◆ Required work
Leaving out the pictures, return word for word the stretch of entries below from the line holding "2$ \qquad\qquad\qquad $6 × (8 - 2)$" through the line holding "Ażurowa sukienka z kieszeniami Granatowa".

#### Information given ####

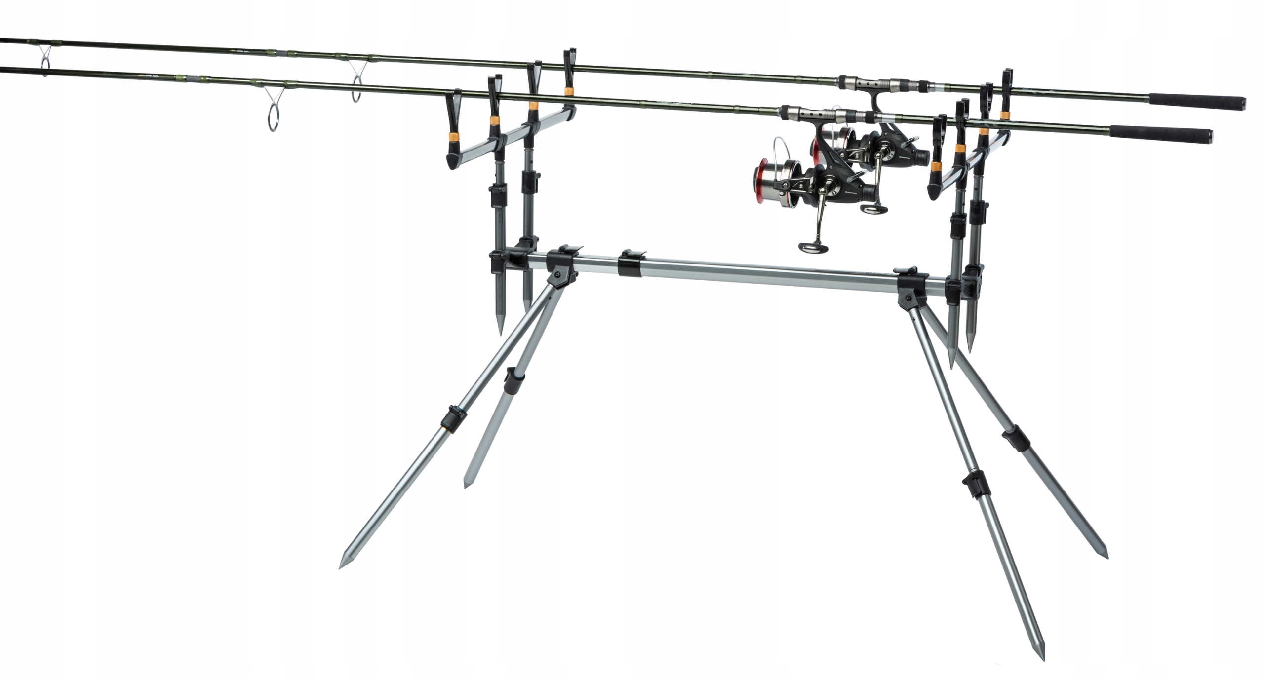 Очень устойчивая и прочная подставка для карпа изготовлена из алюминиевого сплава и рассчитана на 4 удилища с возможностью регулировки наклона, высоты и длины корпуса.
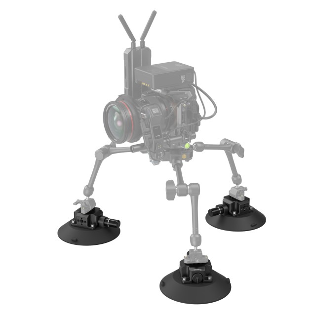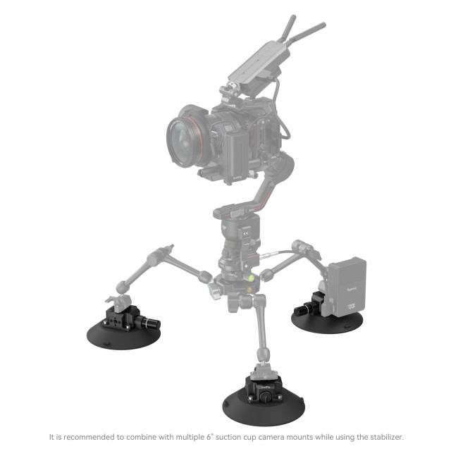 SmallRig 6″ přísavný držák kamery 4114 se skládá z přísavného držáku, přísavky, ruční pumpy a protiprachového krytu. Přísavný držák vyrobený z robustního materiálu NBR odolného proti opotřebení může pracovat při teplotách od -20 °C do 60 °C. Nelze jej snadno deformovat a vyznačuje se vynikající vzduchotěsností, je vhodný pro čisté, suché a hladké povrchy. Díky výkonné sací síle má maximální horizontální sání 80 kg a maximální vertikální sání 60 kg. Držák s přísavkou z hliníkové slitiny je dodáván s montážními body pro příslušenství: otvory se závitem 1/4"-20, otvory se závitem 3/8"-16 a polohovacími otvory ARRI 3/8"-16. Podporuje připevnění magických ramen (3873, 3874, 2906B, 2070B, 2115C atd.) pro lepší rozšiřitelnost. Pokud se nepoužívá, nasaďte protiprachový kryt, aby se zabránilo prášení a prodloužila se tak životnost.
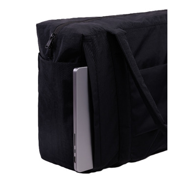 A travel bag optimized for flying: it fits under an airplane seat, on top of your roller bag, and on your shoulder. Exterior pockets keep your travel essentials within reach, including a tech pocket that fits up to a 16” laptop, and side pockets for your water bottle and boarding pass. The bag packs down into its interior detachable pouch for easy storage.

####
#### Information given ####

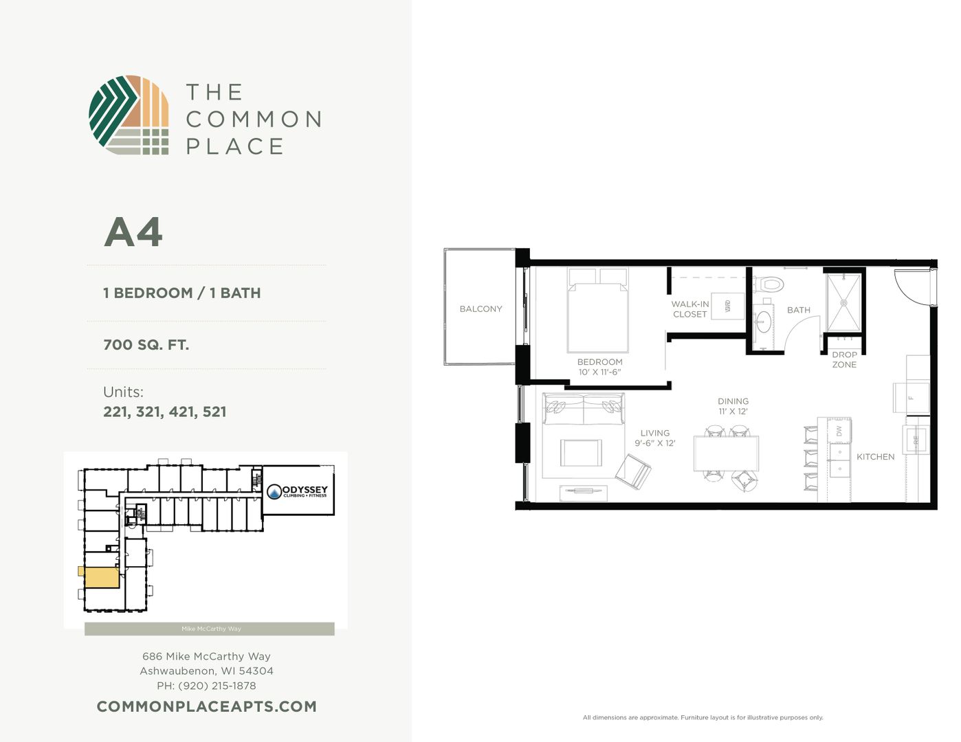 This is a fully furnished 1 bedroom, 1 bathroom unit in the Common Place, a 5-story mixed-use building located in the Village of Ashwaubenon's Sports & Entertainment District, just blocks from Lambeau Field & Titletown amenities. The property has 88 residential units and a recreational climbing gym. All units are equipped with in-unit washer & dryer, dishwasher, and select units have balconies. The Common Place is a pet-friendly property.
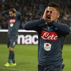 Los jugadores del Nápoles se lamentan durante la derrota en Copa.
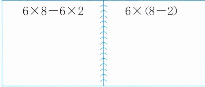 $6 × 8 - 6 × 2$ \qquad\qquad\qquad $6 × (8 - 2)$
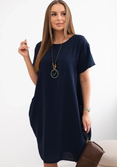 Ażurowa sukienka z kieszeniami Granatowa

####
#### Information given ####

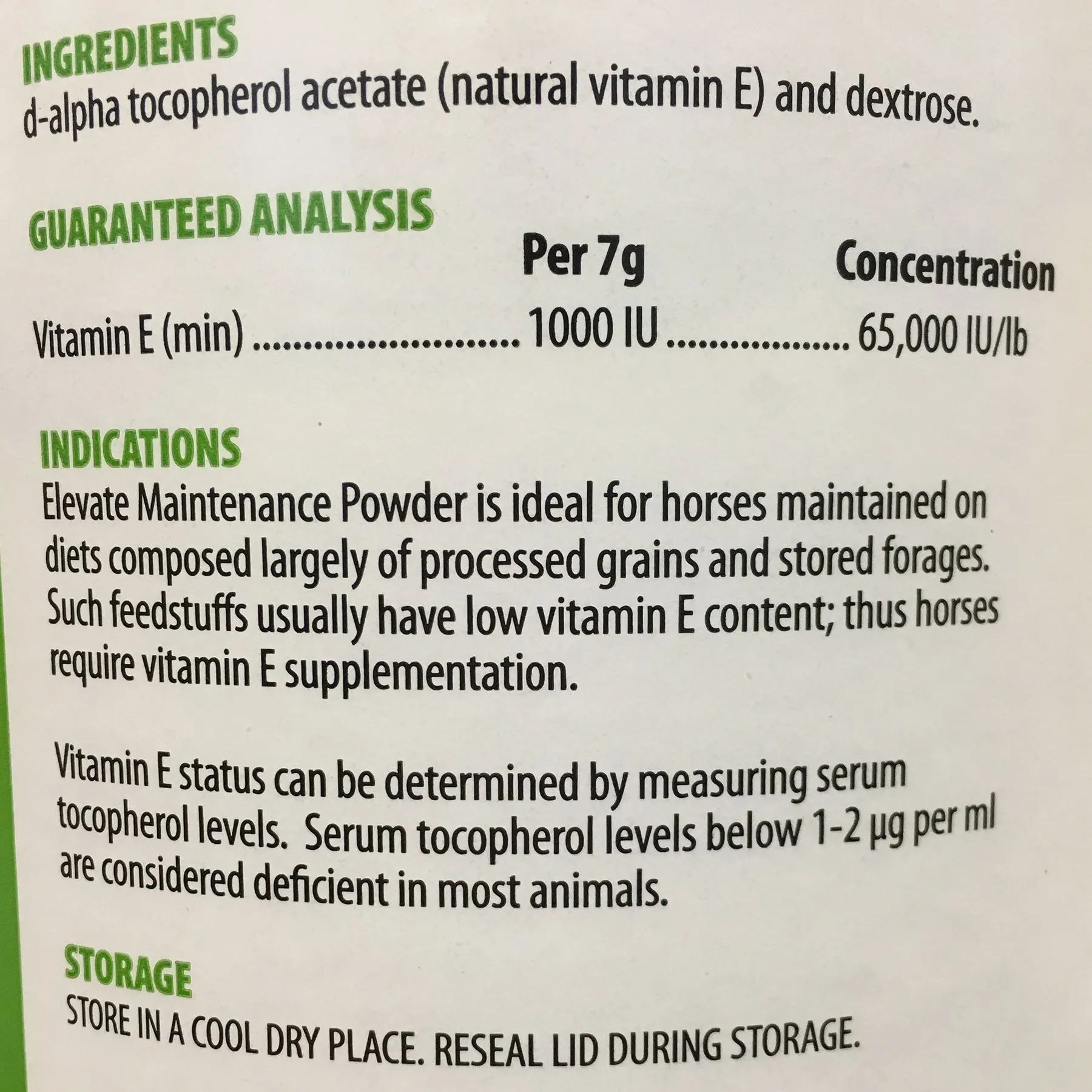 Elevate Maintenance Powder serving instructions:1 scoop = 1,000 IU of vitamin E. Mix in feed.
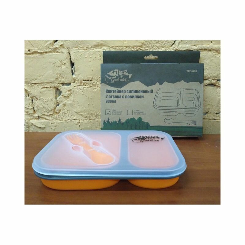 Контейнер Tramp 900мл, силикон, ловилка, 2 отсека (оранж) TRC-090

####

◆ The completed task
 $6 × 8 - 6 × 2$ \qquad\qquad\qquad $6 × (8 - 2)$
 Ażurowa sukienka z kieszeniami Granatowa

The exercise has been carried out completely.